Domi Vélez, en su despacho de pan de Lebrija. / EFE

El mejor panadero del mundo

El sevillano Domi Vélez lleva 25 años de trabajo e investigación en el obrador familiar abierto hace más de un siglo por su tatarabuelo en Lebrija

MIGUEL LORENCI

Elabora uno de sus muchos panes con infusión de flor de guisante de mariposa. Por esa originalidad, fruto de la innovación y el respeto a la tradición, el lebrijano Domi Vélez se convirtió el pasado martes en el mejor panadero del mundo. Con 44 años, consiguió el Oscar de la panadería, el premio World Baker 2021 otorgado en Múnich. Es el segundo español que lo logra, tras el catalán Jordi Morera, ganador en 2017.

Vélez se impuso al chino Peng Fudon, al islandés Sigurdur Mar Gudjosson y al taiwanés Han Chih Lu. Su candidatura, presentada por Ceopan, la patronal del sector, y apoyada por 40 instituciones, se anunció en junio pasado en el Madrid International Pastry (MIP) de Madrid Fusión.

Vélez se consagra tras 25 años de trabajo e investigación en su centenario obrador. Es la quinta generación de una estirpe de panaderos que comenzó hace 120 años con su tatarabuelo. «El secreto es aunar ciencia, innovación, tradición y desarrollo», dice Vélez de una labor que casa complejidad y sencillez. Se sirve de una técnica depurada y materias primas de máxima calidad en una producción «ultracontrolada» que devuelve la dignidad a un pan saludable y repleto de matices.

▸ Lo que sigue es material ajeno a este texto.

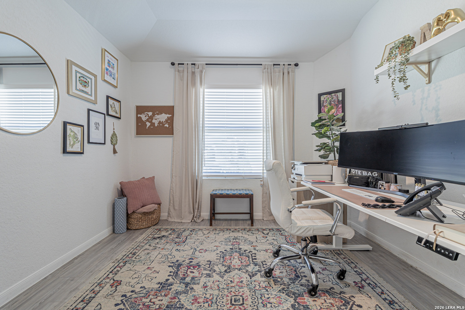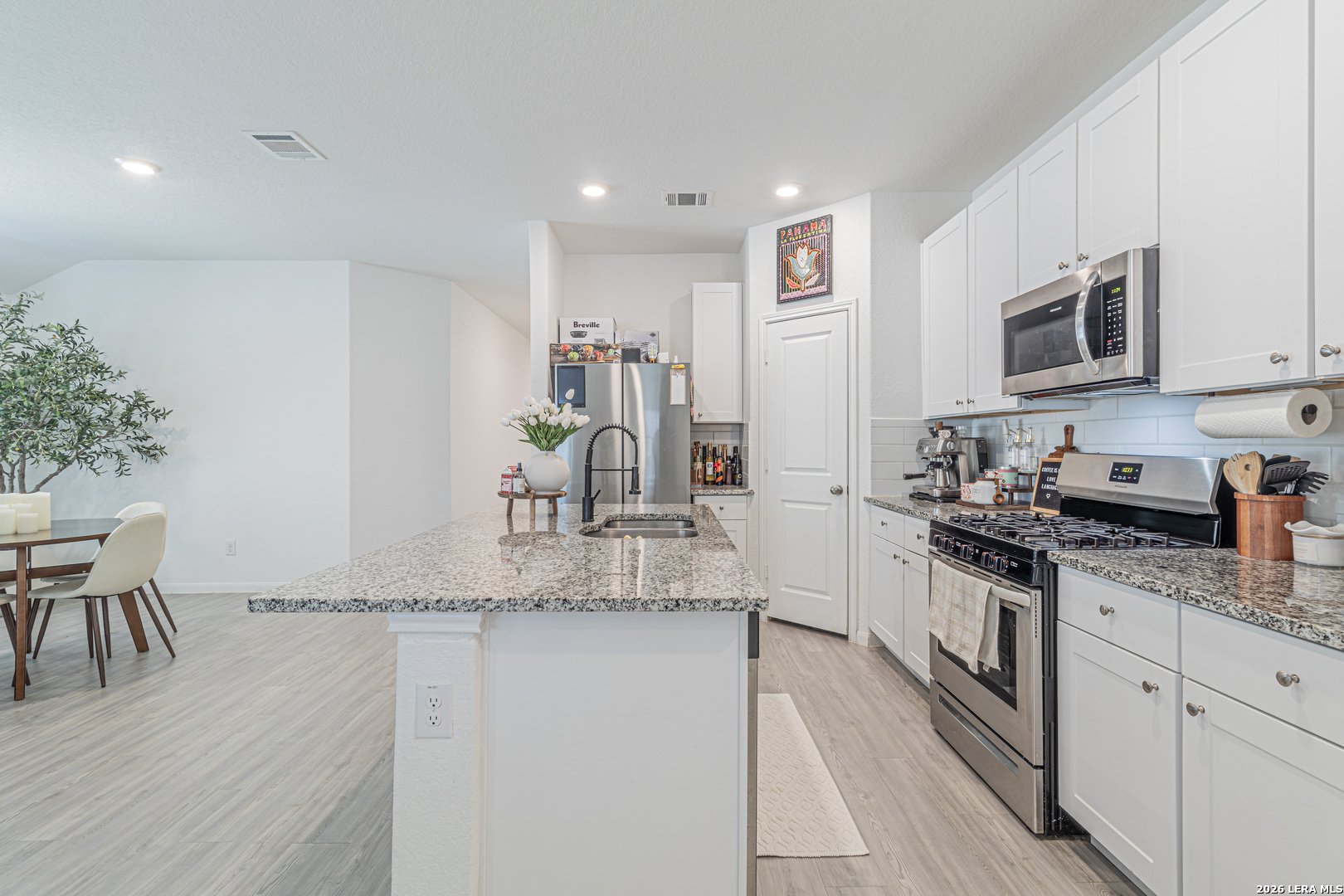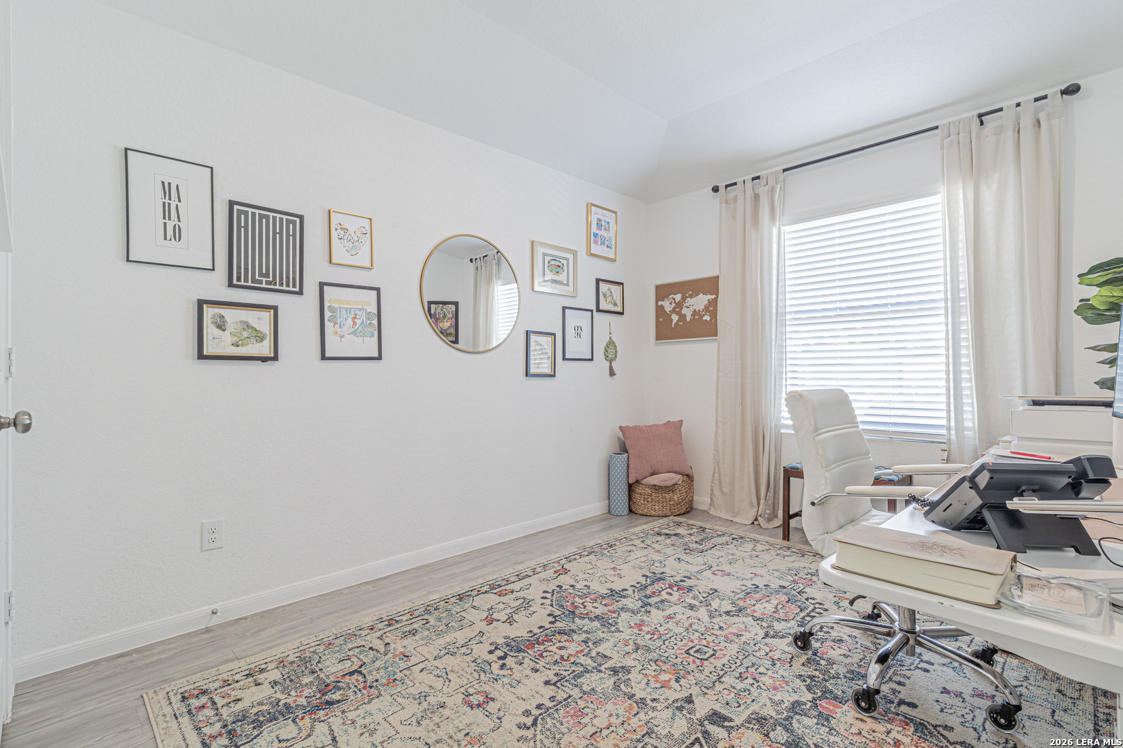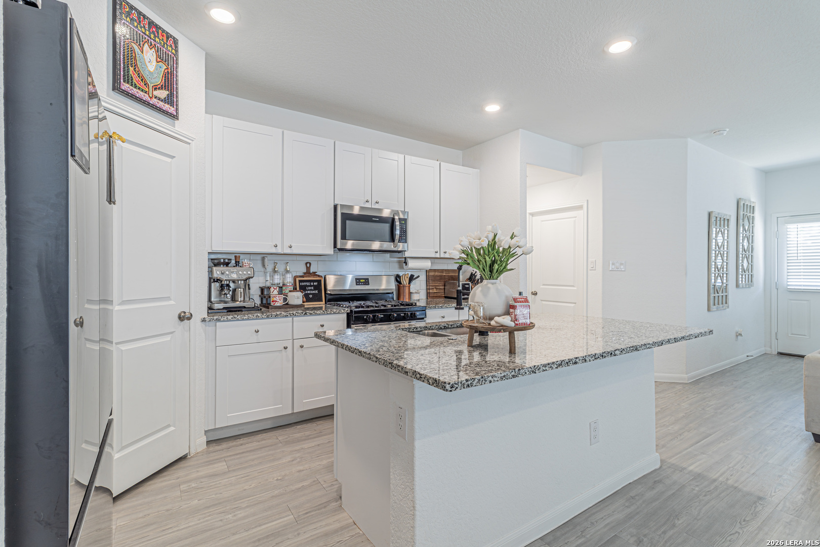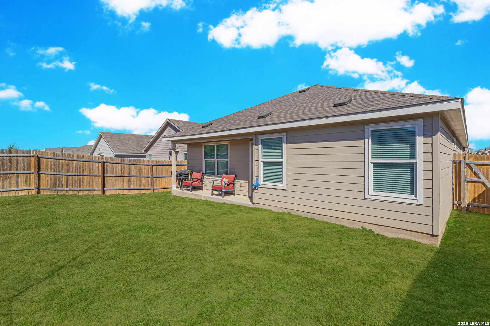 Welcome to this beautiful 3-bedroom home featuring a dedicated office that easily doubles as a 4th bedroom or media room, offering flexibility to fit your lifestyle. Gorgeous hardwood flooring flows throughout the main living areas, creating a warm and timeless feel. The open-concept floor plan is perfect for entertaining, with a spacious kitchen showcasing granite countertops, stainless steel appliances, and seamless connection to the living and dining spaces. Step outside to enjoy both indoor and outdoor living with a covered patio overlooking the backyard, ideal for gatherings or relaxing evenings. The primary suite is a true retreat, highlighted by an oversized custom walk-in closet with exceptional storage. Conveniently located near Randolph Air Force Base, this home also includes a two-car garage and combines comfort, style, and an unbeatable location.

El panadero lebrijano ha recuperado especialidades como el 'Panis nauticus'

«La investigación es la esencia de mi trabajo», repite este alquimista del pan, un mago que mezcla mucho más que harina, agua y sal. Ha recuperado especialidades como el 'Panis nauticus' del que hablaba Plinio, utilizado en las travesías navales del Mediterráneo y que duraba 30 días en perfecto estado. También el 'Panis cuadratus', descubierto en Pompeya y hecho con cebada, o el 'Panis Libum' o pan de requesón y laurel, utilizado en las ofrendas en la Roma imperial. Un pan que se sirve con el 'Mulsum', vino fermentado con miel que también logró recrear con gastro-arqueólogos como Manuel León Béjar.

Algarabía en su pueblo

Vélez celebró el premio en medio de una gran algarabía en la Casa de la Cultura de Lebrija, rodeado de su familia, sus 12 compañeros del obrador y miembros del Consistorio lebrijano. «Es tremendo; es un premio histórico para Lebrija y para la panadería española y andaluza. Reconoce que el trabajo de El Horno de Vélez ha dado sus frutos y nos permite mantener la ilusión», dijo este habitual en los mejores congresos de gastronomía, que se disputan su presencia. Su obrador abre cada mañana a las 5.30 horas para elaborar panes nada corrientes con fórmulas rescatadas o creadas por él «con un 50% de tradición y otro 50% de base científica».

También el pasado martes, el panadero barcelonés Enric Badia, de 25 años, celebraba ser subcampeón del 'Mondial du Pain' disputado en Nantes. Badia es la cuarta generación del Forn Elias, otra centenaria panadería de Barcelona.